His promotion to the Pioneer League to play for Advanced Rookie level Great Falls in 2019 was well earned. In 62 games with the Voyagers, the 20-year-old struggled with a line of .254/.317/.377 and staggering strikeout totals. The young outfielder is very skinny with top scale speed and athleticism however. He projects as a difference maker defensively and possesses lots of upside but more time in short season rookie ball will likely be required in this case.
10. Luis Mieses-Unranked, last level Hi-RK
Mieses was part of the international haul in 2016 in the same class as Luis Robert. He was signed out of the Dominican Republic and given a bonus of over $400K. He’s the 28th ranked prospect in the White Sox’s system according to MLBPipeline.

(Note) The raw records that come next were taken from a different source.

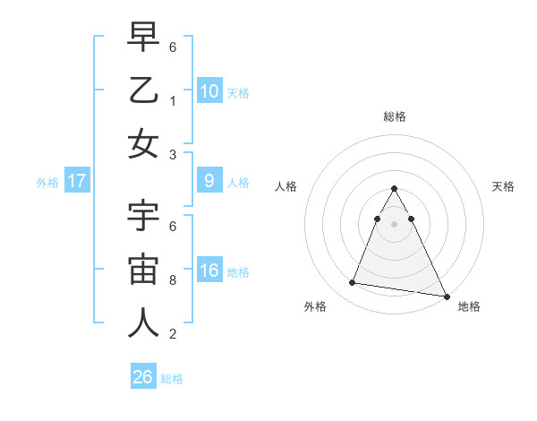 早乙女 宇宙人さんを姓名の画数から五運を鑑定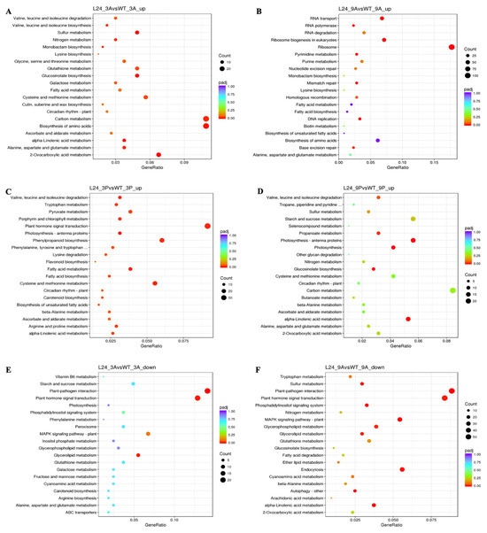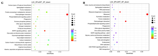 KEGG pathway enrichment analysis of DEGs in a OxKfNAC83 line. KEGG pathway enrichment scatter plots for significantly increased genes in (A) L24_3A vs. WT_3A, (B) L24_9A vs. WT_9A, (C) L24_3P vs. WT_3P, and (D) L24_9P vs. WT_9P; and for decreased genes in (E) L24_3A vs. WT_3A, (F) L24_9A vs. WT_9A, (G) L24_3P vs. WT_3P, and (H) L24_9P vs. WT_9P. The x-axis indicates the rich factor; the y-axis lists KEGG pathway names. Dot size represents the number of genes; dot color indicates q-value. Top 20 enriched pathways are shown.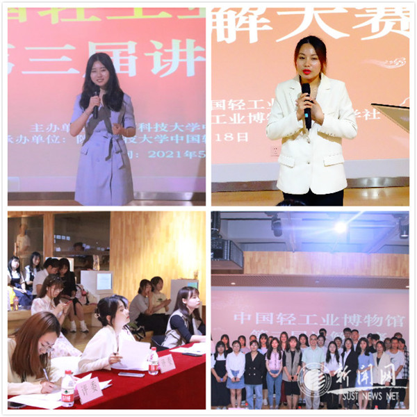 5月18日,博物館舉辦“黨史在我心”第三屆學(xué)生講解大賽,來(lái)自全校6個(gè)院的19名志愿講解員,聚焦建黨100周年,以小切口表現(xiàn)大主題,或追憶民族工業(yè)的奮斗歷史,或講述革命先烈、時(shí)代楷模的感人故事,激情講述了在黨領(lǐng)導(dǎo)輕工事業(yè)從站起來(lái)、富起來(lái)到強(qiáng)起來(lái)的偉大歷程和輝煌成就,充分展現(xiàn)了志愿者的良好精神風(fēng)貌。傳承紅色基因,踐行紅色使命,激勵(lì)科大學(xué)子在歷史中汲取智慧、汲取力量,進(jìn)一步增進(jìn)愛(ài)國(guó)愛(ài)黨之情。經(jīng)過(guò)激烈的角逐,教育學(xué)院的郭寶心和設(shè)計(jì)與藝術(shù)學(xué)院的劉家璇2位同學(xué)獲得講解大賽一等獎(jiǎng)。

The 6’3″ 180 pounder moved to right field in 2019 after playing exclusively in center before that. Mieses is 19-years-old and hits and throw left handed. Luis has power potential, a nice left-handed stroke and he makes consistent contact on the baseball. He has the look of a prototypical right fielder. Luis Mieses also needs to refine his approach because he swings so often that he puts bad pitches in plays.
He has the potential to hit 25 homers on an annual basis. Equipped with a plus arm and athleticism, he’s also a below average runner. Mieses hit .241/.264/.359 with 4 homers for the Great Falls Voyagers in 2019. He’s likely to remain in short season ball again in 2020 and has plenty of time to improve.